→ DATA EXTRACTS:
┏━━

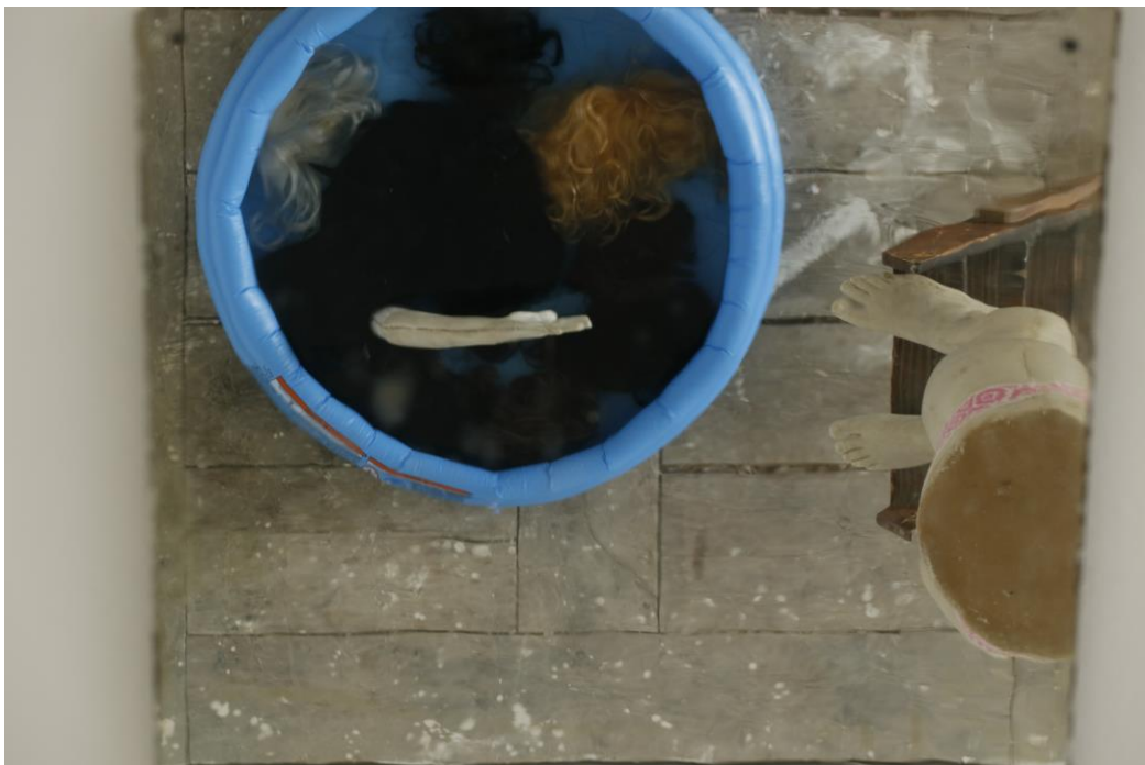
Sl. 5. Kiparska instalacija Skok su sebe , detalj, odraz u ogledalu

┗━━
┏━━

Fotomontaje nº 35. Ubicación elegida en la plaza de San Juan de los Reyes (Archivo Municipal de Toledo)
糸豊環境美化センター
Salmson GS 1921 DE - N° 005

┗━━

→ TASK GOAL:
For this exercise, repeat exactly the lines of the data above from the one with "Fotomontaje nº 35." down to the one with "Salmson GS 1921 DE - N° 005", both end lines included.

→ SOLUTION TO THIS EXERCISE:
Fotomontaje nº 35. Ubicación elegida en la plaza de San Juan de los Reyes (Archivo Municipal de Toledo)
糸豊環境美化センター
Salmson GS 1921 DE - N° 005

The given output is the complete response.